Python - QAM

import numpy as np
import matplotlib.pyplot as plt

class Quadrature_Amplitude_Modulation:
    def __init__(self, mod_order: int) -> None:
        """! Constructor for quadrature amplitude modulation (QAM)
        @param mod_order Modulation order, e.g., 4 for QPSK.
        """
        self.mod_order = mod_order
        self.bit_num_sym = int(np.log2(mod_order))
        m = np.sqrt(mod_order)
        v = np.linspace(1 - m, m - 1, int(m))
        x, y = np.meshgrid(v, v)
        self.const = np.reshape(x + 1j * y, -1) / np.sqrt((mod_order - 1) * 2 / 3)
        self.name = "QPSK" if mod_order == 4 else f"{mod_order}QAM"
    def calc_mi(self, sinr: float, sample_num: int=1000) -> float:
        """! Calculate the per-symbol mutual information, a.k.a. RBIR, for the specified SINR.
        @param sinr SINR in dB
        @param sample_num Number of random samples
        @return Per-bit information
        """
        n_pwr = np.power(10, -0.1 * sinr)
        n = np.random.randn(sample_num) + 1j * np.random.randn(sample_num)
        n *= np.sqrt(n_pwr / 2)
        si = np.zeros((self.mod_order, sample_num))
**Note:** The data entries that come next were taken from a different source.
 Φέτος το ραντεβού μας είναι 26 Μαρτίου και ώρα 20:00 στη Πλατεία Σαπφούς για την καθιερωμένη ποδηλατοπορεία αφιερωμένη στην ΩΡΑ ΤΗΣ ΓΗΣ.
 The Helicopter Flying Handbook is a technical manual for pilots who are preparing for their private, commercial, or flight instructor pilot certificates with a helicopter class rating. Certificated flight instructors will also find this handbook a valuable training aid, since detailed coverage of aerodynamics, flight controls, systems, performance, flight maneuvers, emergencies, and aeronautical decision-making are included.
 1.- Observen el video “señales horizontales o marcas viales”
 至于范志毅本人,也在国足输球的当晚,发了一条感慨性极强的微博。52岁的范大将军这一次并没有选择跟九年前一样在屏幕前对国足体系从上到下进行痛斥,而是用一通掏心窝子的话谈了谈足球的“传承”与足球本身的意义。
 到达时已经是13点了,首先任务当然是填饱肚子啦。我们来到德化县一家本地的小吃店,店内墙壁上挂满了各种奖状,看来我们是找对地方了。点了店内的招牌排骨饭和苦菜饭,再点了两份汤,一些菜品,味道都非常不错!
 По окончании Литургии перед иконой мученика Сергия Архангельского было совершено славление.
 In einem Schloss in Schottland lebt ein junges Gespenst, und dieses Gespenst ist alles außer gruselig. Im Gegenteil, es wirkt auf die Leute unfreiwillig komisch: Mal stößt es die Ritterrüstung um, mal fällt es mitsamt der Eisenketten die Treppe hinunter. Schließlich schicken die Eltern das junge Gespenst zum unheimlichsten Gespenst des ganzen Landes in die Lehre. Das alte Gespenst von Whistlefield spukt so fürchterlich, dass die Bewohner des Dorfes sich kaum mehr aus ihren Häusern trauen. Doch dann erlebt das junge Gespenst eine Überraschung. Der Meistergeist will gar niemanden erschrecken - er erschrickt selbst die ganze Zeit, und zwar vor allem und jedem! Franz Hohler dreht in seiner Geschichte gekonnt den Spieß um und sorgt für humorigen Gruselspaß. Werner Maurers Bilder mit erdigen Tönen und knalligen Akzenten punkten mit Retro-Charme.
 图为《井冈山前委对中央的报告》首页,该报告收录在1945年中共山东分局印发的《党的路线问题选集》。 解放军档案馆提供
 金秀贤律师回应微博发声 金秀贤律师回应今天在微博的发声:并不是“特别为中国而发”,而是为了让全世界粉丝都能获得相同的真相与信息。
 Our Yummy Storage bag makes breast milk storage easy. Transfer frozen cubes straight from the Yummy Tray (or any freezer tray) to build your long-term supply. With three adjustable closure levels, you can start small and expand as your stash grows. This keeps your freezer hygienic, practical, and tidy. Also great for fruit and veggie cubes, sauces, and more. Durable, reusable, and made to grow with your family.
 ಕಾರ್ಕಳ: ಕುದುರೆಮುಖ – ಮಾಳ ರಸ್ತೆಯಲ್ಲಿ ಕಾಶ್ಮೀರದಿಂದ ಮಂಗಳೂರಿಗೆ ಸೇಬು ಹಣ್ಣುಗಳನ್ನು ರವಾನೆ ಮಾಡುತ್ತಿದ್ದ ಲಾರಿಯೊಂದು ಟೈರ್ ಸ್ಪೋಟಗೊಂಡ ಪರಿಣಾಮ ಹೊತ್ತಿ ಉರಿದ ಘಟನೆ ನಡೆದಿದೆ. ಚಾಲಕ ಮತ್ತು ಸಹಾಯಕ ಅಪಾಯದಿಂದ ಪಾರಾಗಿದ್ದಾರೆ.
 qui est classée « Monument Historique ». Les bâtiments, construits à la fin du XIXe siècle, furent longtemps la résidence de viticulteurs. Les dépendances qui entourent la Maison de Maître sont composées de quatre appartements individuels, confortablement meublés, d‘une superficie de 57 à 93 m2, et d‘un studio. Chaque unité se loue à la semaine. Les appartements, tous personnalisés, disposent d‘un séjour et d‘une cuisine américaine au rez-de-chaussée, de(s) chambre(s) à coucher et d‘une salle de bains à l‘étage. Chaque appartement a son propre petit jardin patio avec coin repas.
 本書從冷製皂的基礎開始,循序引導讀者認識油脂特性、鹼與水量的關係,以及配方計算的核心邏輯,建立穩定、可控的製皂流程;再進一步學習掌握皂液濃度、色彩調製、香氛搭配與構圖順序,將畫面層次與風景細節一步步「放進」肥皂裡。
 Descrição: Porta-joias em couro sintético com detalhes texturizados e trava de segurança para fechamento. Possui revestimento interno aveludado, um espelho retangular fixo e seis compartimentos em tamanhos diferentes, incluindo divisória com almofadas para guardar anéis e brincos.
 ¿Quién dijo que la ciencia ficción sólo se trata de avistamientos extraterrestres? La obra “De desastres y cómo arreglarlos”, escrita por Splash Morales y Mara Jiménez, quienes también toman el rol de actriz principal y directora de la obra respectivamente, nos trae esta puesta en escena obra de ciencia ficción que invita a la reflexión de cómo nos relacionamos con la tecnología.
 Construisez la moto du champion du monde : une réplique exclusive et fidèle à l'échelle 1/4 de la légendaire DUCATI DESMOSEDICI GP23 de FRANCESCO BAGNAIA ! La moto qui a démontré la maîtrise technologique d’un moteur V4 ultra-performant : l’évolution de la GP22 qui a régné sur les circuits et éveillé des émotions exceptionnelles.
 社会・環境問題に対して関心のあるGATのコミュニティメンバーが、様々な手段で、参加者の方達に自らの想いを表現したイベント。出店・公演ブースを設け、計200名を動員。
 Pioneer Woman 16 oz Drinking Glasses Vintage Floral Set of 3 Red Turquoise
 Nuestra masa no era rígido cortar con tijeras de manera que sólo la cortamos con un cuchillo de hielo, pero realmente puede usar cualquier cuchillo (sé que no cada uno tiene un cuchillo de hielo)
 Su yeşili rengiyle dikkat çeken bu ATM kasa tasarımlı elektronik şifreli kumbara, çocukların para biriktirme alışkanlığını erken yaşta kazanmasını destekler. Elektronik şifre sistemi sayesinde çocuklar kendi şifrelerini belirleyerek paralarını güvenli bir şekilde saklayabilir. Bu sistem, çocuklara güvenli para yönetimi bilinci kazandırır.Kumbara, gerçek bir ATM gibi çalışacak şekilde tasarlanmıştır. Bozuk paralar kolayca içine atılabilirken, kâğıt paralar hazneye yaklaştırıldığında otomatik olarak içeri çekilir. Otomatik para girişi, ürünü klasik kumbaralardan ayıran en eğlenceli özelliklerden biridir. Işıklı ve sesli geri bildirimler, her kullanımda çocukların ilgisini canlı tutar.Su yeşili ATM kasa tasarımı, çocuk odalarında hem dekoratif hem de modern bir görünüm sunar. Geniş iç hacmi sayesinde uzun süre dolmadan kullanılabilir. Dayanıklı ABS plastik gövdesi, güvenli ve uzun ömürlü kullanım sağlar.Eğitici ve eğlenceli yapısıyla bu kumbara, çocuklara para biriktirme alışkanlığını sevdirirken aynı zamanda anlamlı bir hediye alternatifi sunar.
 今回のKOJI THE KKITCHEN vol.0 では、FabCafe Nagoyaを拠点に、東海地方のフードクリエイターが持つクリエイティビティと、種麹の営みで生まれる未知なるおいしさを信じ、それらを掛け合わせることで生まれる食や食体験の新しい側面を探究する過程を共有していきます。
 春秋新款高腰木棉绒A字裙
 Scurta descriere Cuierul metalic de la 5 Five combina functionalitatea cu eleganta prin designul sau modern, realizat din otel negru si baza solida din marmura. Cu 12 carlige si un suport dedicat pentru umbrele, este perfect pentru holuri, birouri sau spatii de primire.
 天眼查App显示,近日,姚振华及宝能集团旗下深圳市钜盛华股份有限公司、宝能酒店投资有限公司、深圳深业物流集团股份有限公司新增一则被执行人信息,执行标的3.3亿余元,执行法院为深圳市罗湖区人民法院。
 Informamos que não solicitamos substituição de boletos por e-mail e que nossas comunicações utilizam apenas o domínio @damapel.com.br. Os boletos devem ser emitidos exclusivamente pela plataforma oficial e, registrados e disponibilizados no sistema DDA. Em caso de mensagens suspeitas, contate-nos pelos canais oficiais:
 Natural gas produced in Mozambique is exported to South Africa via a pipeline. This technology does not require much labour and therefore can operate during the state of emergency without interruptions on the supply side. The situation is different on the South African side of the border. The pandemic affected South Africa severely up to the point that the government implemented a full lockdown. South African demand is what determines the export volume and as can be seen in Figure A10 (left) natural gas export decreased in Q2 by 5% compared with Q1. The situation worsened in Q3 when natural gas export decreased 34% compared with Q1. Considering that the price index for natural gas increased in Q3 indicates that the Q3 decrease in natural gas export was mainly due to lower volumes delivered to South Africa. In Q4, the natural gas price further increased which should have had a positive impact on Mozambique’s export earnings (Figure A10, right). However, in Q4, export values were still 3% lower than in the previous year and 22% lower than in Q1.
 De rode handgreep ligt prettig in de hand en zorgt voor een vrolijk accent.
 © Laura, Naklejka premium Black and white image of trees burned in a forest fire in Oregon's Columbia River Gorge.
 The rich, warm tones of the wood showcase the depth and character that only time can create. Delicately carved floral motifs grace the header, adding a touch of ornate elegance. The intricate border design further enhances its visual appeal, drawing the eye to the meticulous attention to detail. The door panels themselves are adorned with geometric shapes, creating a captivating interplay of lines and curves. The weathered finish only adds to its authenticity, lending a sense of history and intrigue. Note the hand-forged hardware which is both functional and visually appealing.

        for sym_idx in range(self.mod_order):
            for sample_idx in range(sample_num):
                x = np.power(np.abs(self.const - self.const[sym_idx] + n[sample_idx]), 2) - np.power(np.abs(n[sample_idx]), 2)
                si[sym_idx][sample_idx] = np.sum(np.exp(-1 * x / n_pwr))
        return self.bit_num_sym - np.log2(si).mean()
    def visualize(self, ax: plt.Axes = None, **kwargs) -> None:
        """! Visualize the constellation
        @param ax An axis object
        @param kwargs Keyword argument for further customization
        """
        if ax is None:
            _, ax = plt.subplots()
        ax.scatter(self.const.real, self.const.imag, **kwargs)
        ax.set_xlabel('In-phase')
        ax.set_ylabel('Quadrature')
        ax.set_title(self.name)
        ax.set_aspect('equal')
        ax.grid(True)